The approach presented in this chapter allows you to fully automate the checking, processing and generation of documents based on DWG -projects. The developed Pipeline is suitable both for processing individual drawings and for batch processing of dozens, hundreds and thousands of DWG-files with automatic generation of necessary reports and visualizations for each project.
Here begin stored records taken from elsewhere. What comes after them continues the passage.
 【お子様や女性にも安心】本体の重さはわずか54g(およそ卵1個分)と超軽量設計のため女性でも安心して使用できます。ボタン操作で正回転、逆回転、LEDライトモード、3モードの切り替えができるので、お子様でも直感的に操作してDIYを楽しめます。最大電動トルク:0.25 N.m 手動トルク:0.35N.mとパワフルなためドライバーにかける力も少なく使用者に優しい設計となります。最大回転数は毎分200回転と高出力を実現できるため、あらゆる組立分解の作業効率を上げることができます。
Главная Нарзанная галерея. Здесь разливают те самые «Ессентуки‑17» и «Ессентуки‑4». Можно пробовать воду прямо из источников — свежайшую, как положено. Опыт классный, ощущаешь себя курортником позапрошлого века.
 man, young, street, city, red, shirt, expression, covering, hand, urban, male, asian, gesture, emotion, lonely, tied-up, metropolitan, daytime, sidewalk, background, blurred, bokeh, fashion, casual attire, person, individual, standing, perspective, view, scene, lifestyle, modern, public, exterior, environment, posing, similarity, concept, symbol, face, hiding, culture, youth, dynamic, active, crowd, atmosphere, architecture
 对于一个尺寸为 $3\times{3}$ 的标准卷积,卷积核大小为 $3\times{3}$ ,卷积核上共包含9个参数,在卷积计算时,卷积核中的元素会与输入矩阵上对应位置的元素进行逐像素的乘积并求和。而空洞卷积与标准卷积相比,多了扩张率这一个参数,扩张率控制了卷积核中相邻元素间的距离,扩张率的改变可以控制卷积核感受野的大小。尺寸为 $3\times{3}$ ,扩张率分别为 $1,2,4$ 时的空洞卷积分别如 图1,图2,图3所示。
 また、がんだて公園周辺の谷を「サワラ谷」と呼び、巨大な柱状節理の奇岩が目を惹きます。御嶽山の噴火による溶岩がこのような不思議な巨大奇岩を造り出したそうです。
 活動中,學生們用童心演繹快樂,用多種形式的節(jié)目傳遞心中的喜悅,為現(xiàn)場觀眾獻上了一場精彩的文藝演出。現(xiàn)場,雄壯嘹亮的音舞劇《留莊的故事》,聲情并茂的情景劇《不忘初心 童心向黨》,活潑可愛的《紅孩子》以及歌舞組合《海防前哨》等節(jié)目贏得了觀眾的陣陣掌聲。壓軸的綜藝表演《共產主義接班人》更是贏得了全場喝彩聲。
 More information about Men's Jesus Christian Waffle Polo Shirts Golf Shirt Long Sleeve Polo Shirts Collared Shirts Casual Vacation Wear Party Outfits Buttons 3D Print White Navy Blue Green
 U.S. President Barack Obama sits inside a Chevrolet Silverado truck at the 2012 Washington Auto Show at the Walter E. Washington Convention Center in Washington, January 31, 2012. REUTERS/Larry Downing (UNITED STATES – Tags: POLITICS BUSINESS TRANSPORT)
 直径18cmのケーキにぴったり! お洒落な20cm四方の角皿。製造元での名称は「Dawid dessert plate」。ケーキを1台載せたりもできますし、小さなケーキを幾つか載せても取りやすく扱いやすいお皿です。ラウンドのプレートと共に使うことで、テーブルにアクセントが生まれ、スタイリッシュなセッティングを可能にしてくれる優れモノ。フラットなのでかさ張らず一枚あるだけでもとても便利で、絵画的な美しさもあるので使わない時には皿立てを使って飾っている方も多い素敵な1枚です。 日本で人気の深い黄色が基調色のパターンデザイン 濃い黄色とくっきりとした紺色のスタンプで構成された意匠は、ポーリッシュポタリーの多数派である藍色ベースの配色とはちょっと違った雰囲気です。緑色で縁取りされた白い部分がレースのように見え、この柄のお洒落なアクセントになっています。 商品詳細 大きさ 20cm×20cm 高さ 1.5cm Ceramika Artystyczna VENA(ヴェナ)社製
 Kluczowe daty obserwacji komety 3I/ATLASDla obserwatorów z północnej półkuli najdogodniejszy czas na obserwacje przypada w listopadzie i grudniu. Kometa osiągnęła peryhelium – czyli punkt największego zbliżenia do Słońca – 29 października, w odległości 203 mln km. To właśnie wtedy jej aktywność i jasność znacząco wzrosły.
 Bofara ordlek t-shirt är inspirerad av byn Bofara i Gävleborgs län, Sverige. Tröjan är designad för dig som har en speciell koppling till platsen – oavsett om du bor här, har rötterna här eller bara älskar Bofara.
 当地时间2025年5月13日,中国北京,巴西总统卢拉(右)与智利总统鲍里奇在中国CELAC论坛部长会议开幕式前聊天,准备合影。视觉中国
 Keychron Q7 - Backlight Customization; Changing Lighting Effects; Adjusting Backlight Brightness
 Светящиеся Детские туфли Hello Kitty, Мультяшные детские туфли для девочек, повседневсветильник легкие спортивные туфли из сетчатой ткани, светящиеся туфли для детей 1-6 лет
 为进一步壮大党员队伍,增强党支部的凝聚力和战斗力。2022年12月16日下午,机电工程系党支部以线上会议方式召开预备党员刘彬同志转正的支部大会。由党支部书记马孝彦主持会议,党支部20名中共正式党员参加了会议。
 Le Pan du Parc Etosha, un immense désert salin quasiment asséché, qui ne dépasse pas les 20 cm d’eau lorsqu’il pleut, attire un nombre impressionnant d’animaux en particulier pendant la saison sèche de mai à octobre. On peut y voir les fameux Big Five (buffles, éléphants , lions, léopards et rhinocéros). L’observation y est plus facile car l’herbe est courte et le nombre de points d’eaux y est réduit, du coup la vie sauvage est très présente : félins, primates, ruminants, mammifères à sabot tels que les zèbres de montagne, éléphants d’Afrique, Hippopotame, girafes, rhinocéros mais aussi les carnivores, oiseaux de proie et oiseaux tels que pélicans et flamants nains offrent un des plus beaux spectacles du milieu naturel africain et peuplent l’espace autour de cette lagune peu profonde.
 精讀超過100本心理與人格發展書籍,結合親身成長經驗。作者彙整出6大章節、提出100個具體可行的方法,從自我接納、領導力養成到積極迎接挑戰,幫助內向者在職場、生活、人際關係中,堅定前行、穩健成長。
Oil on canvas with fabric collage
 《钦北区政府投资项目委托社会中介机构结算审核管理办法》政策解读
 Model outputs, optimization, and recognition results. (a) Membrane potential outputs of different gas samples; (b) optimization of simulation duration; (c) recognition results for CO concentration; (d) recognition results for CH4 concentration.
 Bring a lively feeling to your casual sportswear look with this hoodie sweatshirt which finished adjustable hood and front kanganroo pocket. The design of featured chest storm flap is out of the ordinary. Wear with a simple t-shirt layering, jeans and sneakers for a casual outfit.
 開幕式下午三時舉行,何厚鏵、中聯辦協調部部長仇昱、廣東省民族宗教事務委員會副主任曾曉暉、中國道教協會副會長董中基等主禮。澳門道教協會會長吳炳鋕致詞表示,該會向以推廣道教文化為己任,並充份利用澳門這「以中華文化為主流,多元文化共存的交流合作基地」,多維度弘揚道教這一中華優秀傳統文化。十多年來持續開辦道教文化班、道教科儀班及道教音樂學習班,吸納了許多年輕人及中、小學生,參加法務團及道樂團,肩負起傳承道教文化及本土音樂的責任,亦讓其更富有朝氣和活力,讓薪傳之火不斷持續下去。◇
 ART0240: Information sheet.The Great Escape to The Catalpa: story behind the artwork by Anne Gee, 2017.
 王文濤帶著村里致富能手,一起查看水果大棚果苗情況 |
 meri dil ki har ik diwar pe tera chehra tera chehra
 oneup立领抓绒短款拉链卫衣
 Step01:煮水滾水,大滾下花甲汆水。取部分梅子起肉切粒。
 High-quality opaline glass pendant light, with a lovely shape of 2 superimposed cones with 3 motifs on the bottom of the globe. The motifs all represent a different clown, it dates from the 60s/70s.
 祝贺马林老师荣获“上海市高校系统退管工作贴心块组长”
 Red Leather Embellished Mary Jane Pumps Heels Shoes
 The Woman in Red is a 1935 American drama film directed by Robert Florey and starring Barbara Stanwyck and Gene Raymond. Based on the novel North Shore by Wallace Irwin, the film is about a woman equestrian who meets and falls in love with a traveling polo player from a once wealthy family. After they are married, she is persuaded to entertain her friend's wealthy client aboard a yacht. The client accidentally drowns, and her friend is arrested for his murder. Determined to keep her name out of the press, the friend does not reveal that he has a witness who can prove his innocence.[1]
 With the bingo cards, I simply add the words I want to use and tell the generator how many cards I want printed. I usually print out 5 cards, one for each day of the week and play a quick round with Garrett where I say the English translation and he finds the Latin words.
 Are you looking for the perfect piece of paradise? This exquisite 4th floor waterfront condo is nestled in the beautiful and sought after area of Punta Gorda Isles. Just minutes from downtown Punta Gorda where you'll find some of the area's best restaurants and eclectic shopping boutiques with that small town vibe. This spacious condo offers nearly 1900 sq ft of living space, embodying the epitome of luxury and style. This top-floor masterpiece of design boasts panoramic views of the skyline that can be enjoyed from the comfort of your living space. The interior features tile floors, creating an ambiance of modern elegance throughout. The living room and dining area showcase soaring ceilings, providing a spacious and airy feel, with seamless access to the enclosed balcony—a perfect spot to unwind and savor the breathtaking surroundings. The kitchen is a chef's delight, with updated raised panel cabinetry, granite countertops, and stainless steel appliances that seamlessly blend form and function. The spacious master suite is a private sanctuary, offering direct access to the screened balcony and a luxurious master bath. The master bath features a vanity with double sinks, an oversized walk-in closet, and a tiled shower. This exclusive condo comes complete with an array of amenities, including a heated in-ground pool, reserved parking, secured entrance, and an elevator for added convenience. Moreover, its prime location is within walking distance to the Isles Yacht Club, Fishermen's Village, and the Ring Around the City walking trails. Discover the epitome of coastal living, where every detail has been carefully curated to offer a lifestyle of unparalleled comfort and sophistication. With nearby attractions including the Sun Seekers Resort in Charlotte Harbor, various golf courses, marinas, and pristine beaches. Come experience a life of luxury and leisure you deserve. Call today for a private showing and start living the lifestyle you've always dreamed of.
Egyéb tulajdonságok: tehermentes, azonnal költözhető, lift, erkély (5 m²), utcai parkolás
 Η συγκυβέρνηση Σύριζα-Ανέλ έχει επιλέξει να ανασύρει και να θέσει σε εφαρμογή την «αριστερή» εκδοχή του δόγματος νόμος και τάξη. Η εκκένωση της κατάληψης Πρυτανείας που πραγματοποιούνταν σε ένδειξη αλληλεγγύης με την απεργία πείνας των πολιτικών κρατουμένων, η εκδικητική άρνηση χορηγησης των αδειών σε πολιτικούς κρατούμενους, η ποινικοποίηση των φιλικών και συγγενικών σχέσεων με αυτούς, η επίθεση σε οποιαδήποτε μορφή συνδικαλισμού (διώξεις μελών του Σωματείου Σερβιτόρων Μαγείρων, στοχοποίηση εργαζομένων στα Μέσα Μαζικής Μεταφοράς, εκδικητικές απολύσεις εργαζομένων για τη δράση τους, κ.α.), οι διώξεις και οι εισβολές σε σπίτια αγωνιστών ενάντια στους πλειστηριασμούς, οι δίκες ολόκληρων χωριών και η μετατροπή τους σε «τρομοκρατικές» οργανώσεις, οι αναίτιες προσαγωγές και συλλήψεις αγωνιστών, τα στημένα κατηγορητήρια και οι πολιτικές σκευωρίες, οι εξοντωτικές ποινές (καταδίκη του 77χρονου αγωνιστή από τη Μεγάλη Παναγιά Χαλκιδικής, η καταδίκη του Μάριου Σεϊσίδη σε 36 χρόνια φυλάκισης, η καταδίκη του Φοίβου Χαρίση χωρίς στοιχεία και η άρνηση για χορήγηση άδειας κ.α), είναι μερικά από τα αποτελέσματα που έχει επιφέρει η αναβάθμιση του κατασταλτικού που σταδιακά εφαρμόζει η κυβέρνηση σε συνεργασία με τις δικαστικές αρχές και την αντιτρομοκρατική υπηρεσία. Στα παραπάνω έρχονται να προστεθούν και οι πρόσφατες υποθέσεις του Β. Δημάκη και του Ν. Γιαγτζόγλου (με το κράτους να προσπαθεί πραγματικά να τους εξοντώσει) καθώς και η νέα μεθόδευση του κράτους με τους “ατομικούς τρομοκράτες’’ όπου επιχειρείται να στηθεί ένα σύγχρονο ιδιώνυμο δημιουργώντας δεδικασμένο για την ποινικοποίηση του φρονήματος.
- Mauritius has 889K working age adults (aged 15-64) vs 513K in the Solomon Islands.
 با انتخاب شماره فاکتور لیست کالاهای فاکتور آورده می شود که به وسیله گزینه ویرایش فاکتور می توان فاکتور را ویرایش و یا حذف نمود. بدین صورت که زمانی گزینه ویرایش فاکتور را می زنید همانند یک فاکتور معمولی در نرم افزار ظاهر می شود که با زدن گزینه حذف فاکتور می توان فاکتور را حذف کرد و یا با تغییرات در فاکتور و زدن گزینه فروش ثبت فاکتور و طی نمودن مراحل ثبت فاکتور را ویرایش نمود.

The process can be organized sequentially and transparently: first the data from CAD -file is automatically converted into XLSX format, then loaded into a dataframe, followed by grouping, checking and result generation – all this is realized in a single Jupyter notebook or Python -script, in any popular IDE. If necessary, the process can be easily extended through integration with project documentation management systems: CAD files can be automatically retrieved according to specified criteria, results can be returned back to the storage system and users can be notified when the results are ready – by email or messengers.
Using LLM chats and agents to work with design data reduces dependence on specialized CAD -programs and allows you to perform analysis and visualization of architectural designs without the need for manual interaction with the interface – without mouse clicks and remembering complex menu navigation.
With each passing day, the construction industry will hear more and more about LLM, granular structured data, DataFrames and columnar databases. Unified two-dimensional DataFrames formed from various databases and CAD formats, will be the ideal fuel for modern analytical tools that are actively handled by specialists in other industries.
The automation process itself will be significantly simplified – instead of studying API of closed niche products and writing complex scripts to analyze or transform parameters, now it will be enough to formulate a task in the form of a set of individual text commands, which will be folded into the required Pipeline or Workflow-process for the required programming language, which runs for free on almost any device. No more waiting for new products, formats, plug-ins or updates from CAD- (BIM-) tool vendors. Engineers and builders will be empowered to work independently with data using simple, free and easy-to-understand tools, assisted by LLM chats and agents.